Reproduce the entries in full. Exclude all images from the copy.

▶ [Data extracted from a collection]
————————

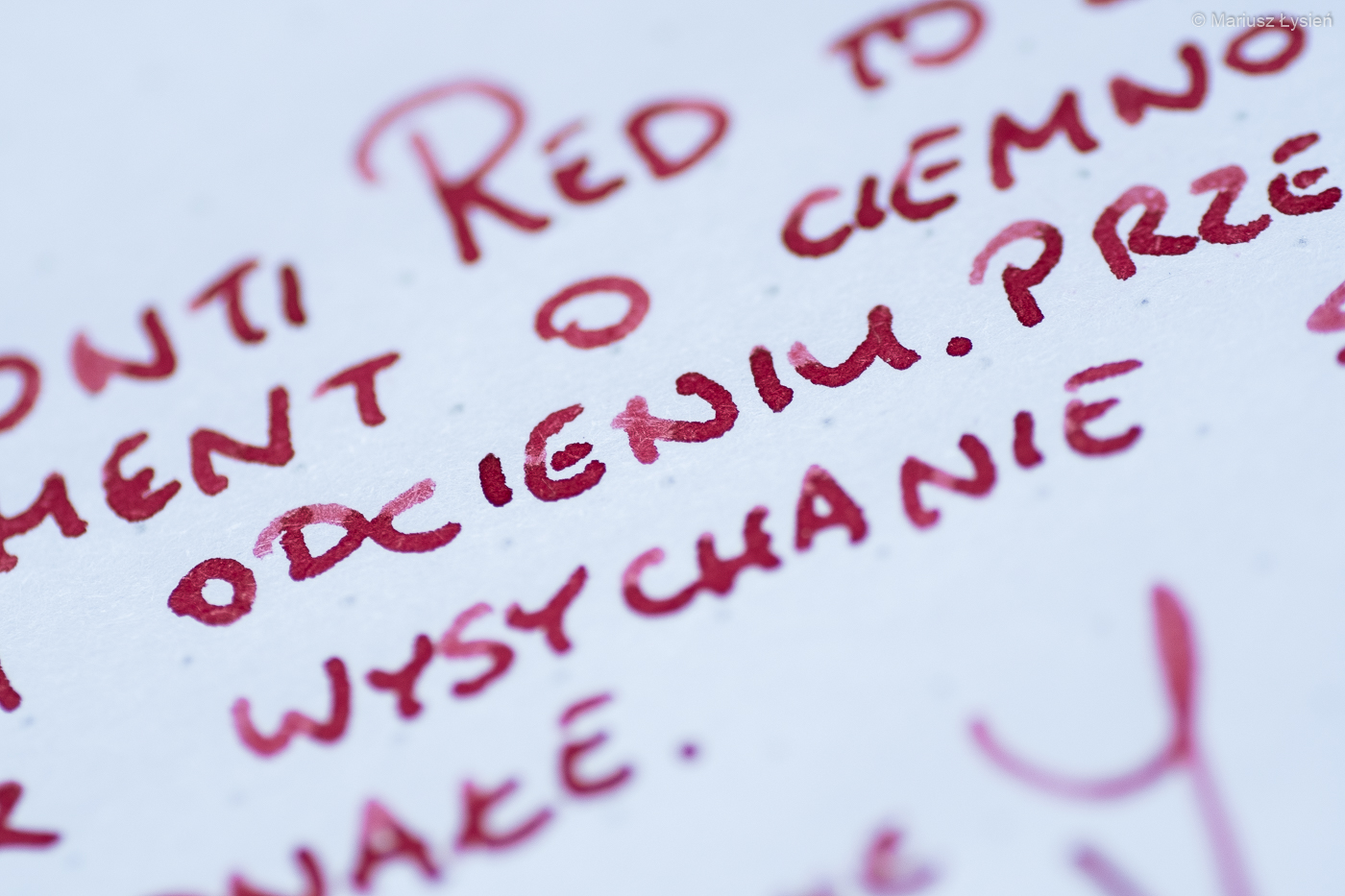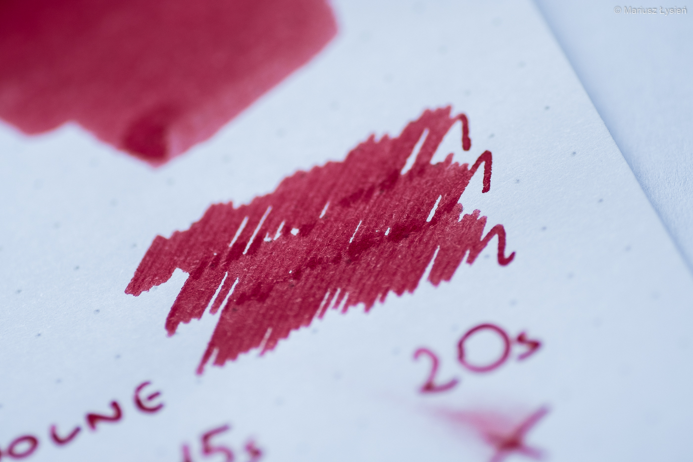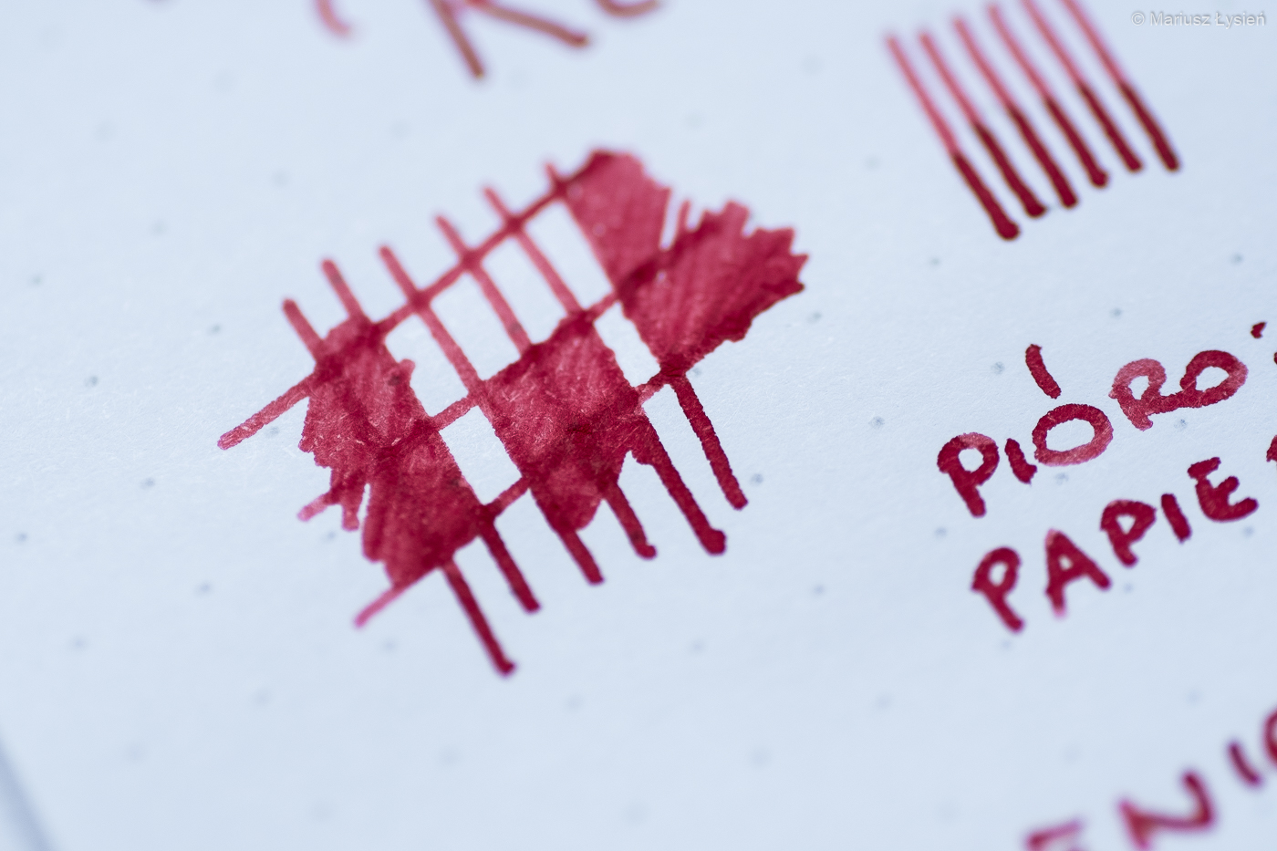 Nasycenie jest doskonałe. Kolor jest na papierze bardzo wyraźny, co przekłada się na bardzo dobrą czytelność tekstu sporządzanego przy użyciu tytułowego atramentu. Czerwony kolor został lekko przełamany burgundową nutą. Kolor ten na papierze prezentuje się elegancko.
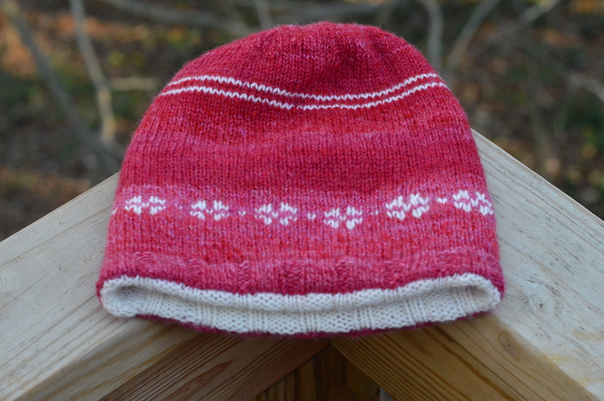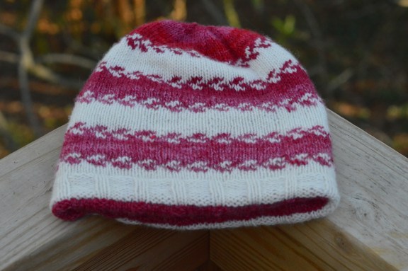Now, I may not be a big fan of pink, but The Ever-Growing Niece loves it. Loooooooves it. Pink, pink, pink, the brighter the better. I knew who this yarn was going to. It was a pretty fine yarn (roughly light sport weight), so I mixed it with some stash yarn (Sunday Knits Nirvana 3-ply in Cream), looked up some standard measurements, and made her a hat. Swatching? Who has time to swatch? It’s a hat, therefore it is its own swatch. Right?
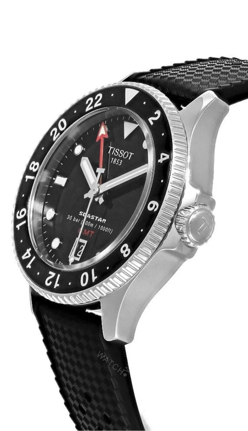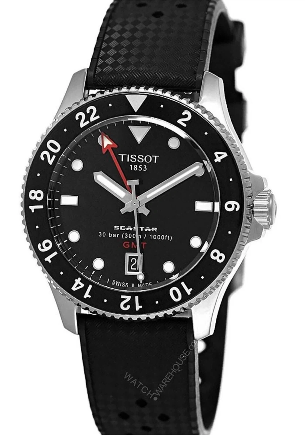 Selling a Tissot Seastar 1000 GMT watch with a black dial. The watch is in great condition and features a stainless steel case and sapphire crystal. It's water-resistant to 30 bar (300m/1000ft). The GMT function is perfect for tracking multiple time zones
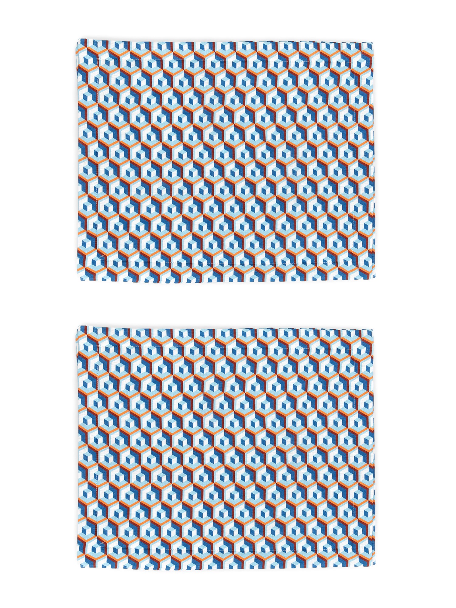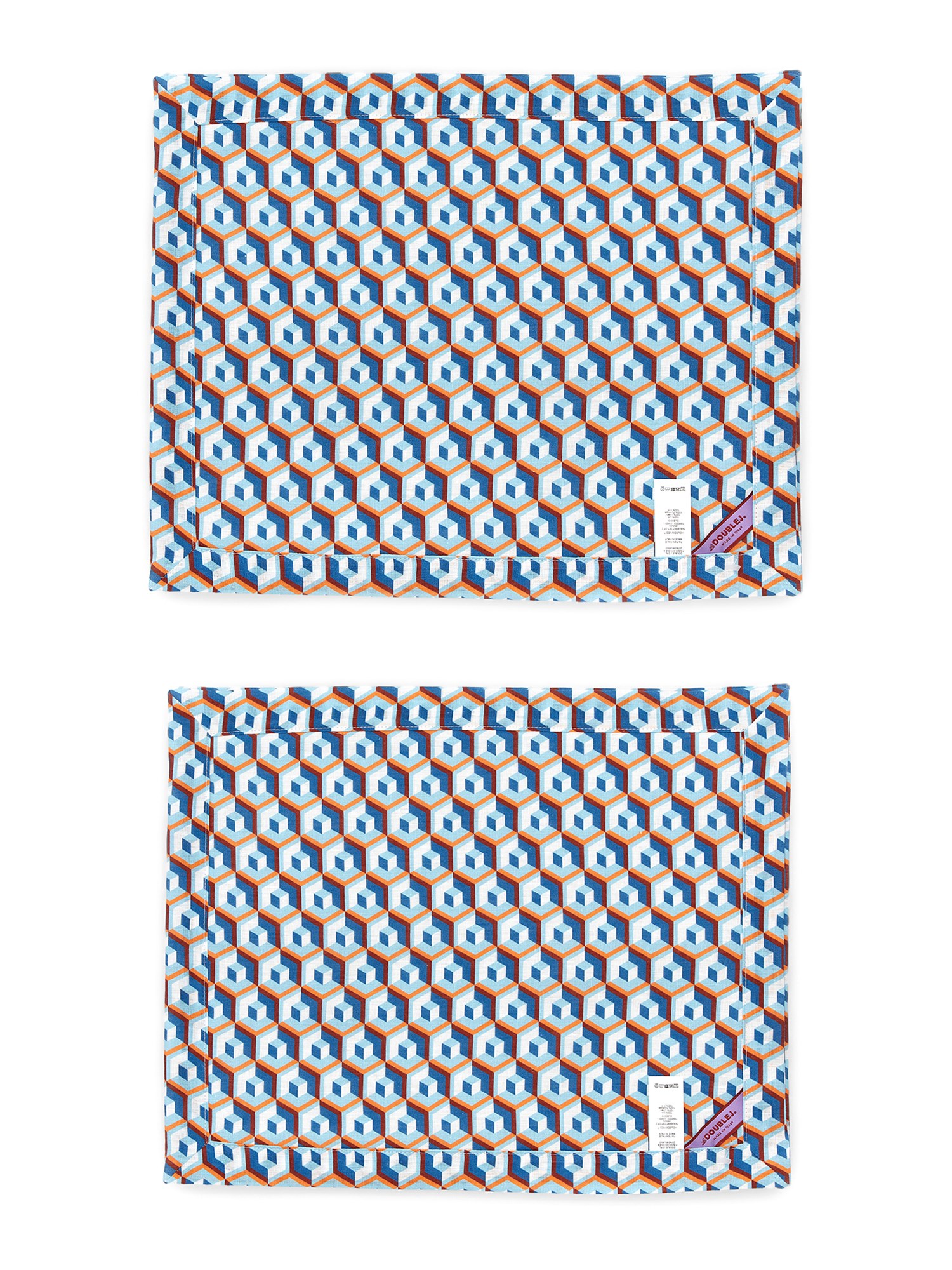 LINEN PLACEMAT CUBE PRINT SET FOR TWO
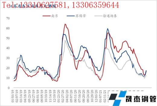 如上圖所示,2020年1月23日省會南京市場庫存占全省現貨庫存的21%左右,屬全年較低水平;而4月9日前后基本占全省庫存的41%;20年上半年南京市場庫存均保持較高水平,而下半年開始庫存便逐漸走低,蘇錫常庫存累庫增加。2021年1月8日南京庫存占全省庫存的24%,從4月初開始到本年度結束,南京庫存占比基本維持在40-42%左右,11月5日占比最高達到年度最高值,約50/%。2021年全年,南京市場庫存均保持較高水平,僅在年初階段,蘇錫??値齑媛愿哂谀暇?。整體來看,今年南京市場現貨資源一直處于相對充裕的狀態,且部分無縫厚壁鋼管廠家庫存前移也是保證該市場建材供給較為穩定的重要因素,而徐通揚泰區域則因價格波幅巨大,市場參與者主動囤貨意愿不高,全年庫存相較去年小幅減量。
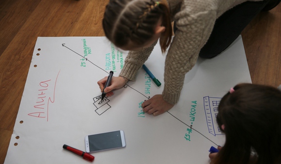 Сегодня Юлия Малинская – мастер по распределению времени – провела для ребят занятие по планированию. Ребята так загорелись этой темой, что в конце даже нарисовали, каждый на своем ватмане, план на пять лет вперед. Подробный и очень честный.
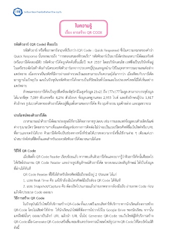 ที่ยาวและจดจ�าได้ยาก คิวอาร์โค้ดจึงเป็นช่องทางหนึ่งที่ช่วยให้เราสะดวกมากยิ่งขึ้นใช้งานง่าย ๆ เพียงแค่เรา

————————

▶ [Reply to the task]
 Nasycenie jest doskonałe. Kolor jest na papierze bardzo wyraźny, co przekłada się na bardzo dobrą czytelność tekstu sporządzanego przy użyciu tytułowego atramentu. Czerwony kolor został lekko przełamany burgundową nutą. Kolor ten na papierze prezentuje się elegancko.
Now, I may not be a big fan of pink, but The Ever-Growing Niece loves it. Loooooooves it. Pink, pink, pink, the brighter the better. I knew who this yarn was going to. It was a pretty fine yarn (roughly light sport weight), so I mixed it with some stash yarn (Sunday Knits Nirvana 3-ply in Cream), looked up some standard measurements, and made her a hat. Swatching? Who has time to swatch? It’s a hat, therefore it is its own swatch. Right?
 Selling a Tissot Seastar 1000 GMT watch with a black dial. The watch is in great condition and features a stainless steel case and sapphire crystal. It's water-resistant to 30 bar (300m/1000ft). The GMT function is perfect for tracking multiple time zones
 LINEN PLACEMAT CUBE PRINT SET FOR TWO
 如上圖所示,2020年1月23日省會南京市場庫存占全省現貨庫存的21%左右,屬全年較低水平;而4月9日前后基本占全省庫存的41%;20年上半年南京市場庫存均保持較高水平,而下半年開始庫存便逐漸走低,蘇錫常庫存累庫增加。2021年1月8日南京庫存占全省庫存的24%,從4月初開始到本年度結束,南京庫存占比基本維持在40-42%左右,11月5日占比最高達到年度最高值,約50/%。2021年全年,南京市場庫存均保持較高水平,僅在年初階段,蘇錫??値齑媛愿哂谀暇?。整體來看,今年南京市場現貨資源一直處于相對充裕的狀態,且部分無縫厚壁鋼管廠家庫存前移也是保證該市場建材供給較為穩定的重要因素,而徐通揚泰區域則因價格波幅巨大,市場參與者主動囤貨意愿不高,全年庫存相較去年小幅減量。
 Сегодня Юлия Малинская – мастер по распределению времени – провела для ребят занятие по планированию. Ребята так загорелись этой темой, что в конце даже нарисовали, каждый на своем ватмане, план на пять лет вперед. Подробный и очень честный.
 ที่ยาวและจดจ�าได้ยาก คิวอาร์โค้ดจึงเป็นช่องทางหนึ่งที่ช่วยให้เราสะดวกมากยิ่งขึ้นใช้งานง่าย ๆ เพียงแค่เรา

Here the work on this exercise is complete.